Our Supreme Court in Ross v Consumers Power Co (On Reh), 420 Mich 567, 635; 363 NW2d 641 (1984), in explaining the distinction between "ministerial-operational” acts as opposed to "discretionary-decisional” acts stated:

In a nutshell, the distinction between "discretionary” and "ministerial” acts is that the former involves significant decision-making, while the latter involves the execution of a decision and might entail some minor decision-making. Here too, for clarity, we would add the word "operational” so the operative term would be "ministerial-operational” acts.

In my view, it is clear that the decision to insert an endotracheal tube in a patient is a discretion*634ary act. Obviously, there is a certain degree of significant decision making involved in determining that such a procedure is necessary. However, the actual insertion of the tube and maintaining it are merely the execution of that decision. At most, executing that decision might involve some minor decision making. Therefore, the actual insertion and maintenance of the endotracheal tube are ministerial acts. As for plaintiffs’ allegations that defendant nurses breached their duty of care to observe and chart the child’s breathing sounds, I am hard pressed to imagine how these acts can be anything other than ministerial ones. It surely does not involve significant decision making to observe a patient or record a breath sound.

The majority in this case relies on Joplin v Univ of Michigan Bd of Regents, 173 Mich App 149, 154; 433 NW2d 830 (1988), for the proposition that this Court must recognize that execution of a medical decision may involve a series of medical decisions requiring personal deliberation and judgment regardless of whether they were undertaken in the course of executing the initial decision. However, I find it telling that the act which was determined to be discretionary in that case was surgery; specifically, dilatation and evacuation. Moreover, there was a dissent in Joplin which concluded that even the act of performing surgery was a ministerial act for which governmental immunity is not available. Joplin, supra, p 155. Because the act in Joplin found to be a discretionary one was surgery, as compared to the alleged acts involved in this case, I am not particularly persuaded by the majority’s reliance on the Joplin decision.

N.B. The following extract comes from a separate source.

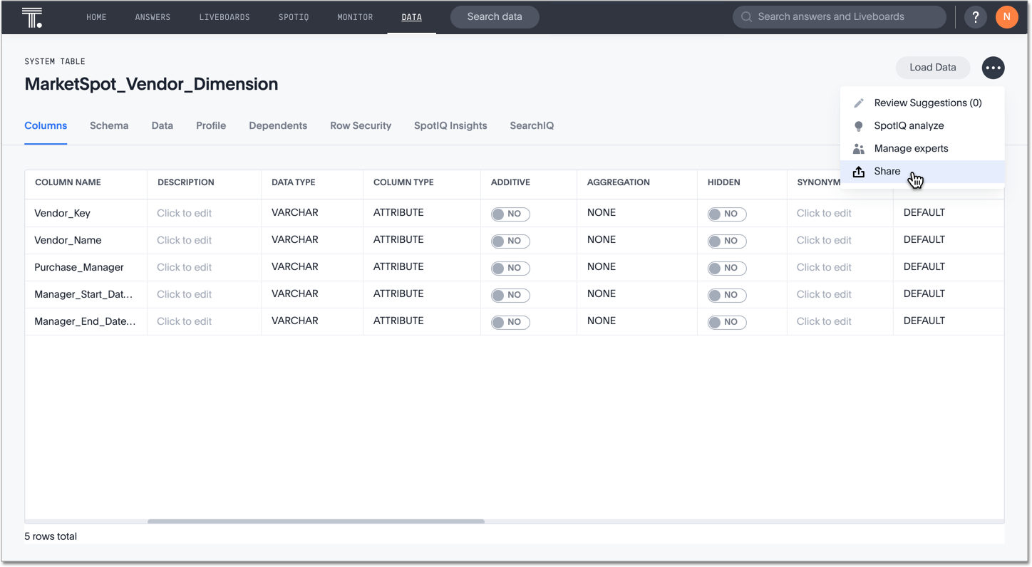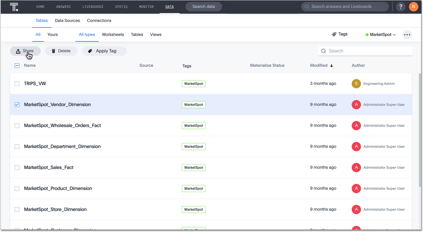 When you share a Worksheet, you give users or groups within your cluster access to the Worksheet’s data. You share all of its columns. Sharing a Worksheet does not share the underlying tables. If you want to share the underlying tables, see Sharing tables and columns.
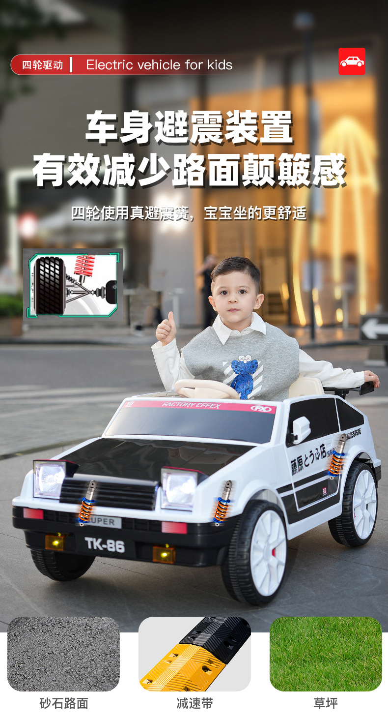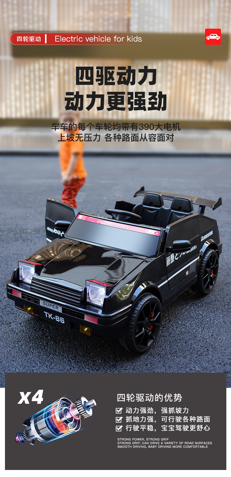 儿童电动车可坐人充电四轮遥控汽车可载人宝宝电动四驱86玩具车

The majority opinion then relies on several cases for the proposition that a professional’s deviating from professional standards does not trans*635form a discretionary act into a ministerial one. However, based upon my review of the facts in this case, I do not see where that proposition is applicable to the analysis of plaintiffs’ allegations in the case at bar.

In conclusion, I believe that the acts of observing a patient, charting the patient’s progress and inserting and suctioning an endotracheal tube are clearly ministerial ones. To classify these ministerial acts as discretionary inappropriately and unnecessarily cloaks defendants’ acts in a veil of governmental immunity. I would reverse the lower court’s order granting defendants’ motion for summary disposition in Docket No. 107345.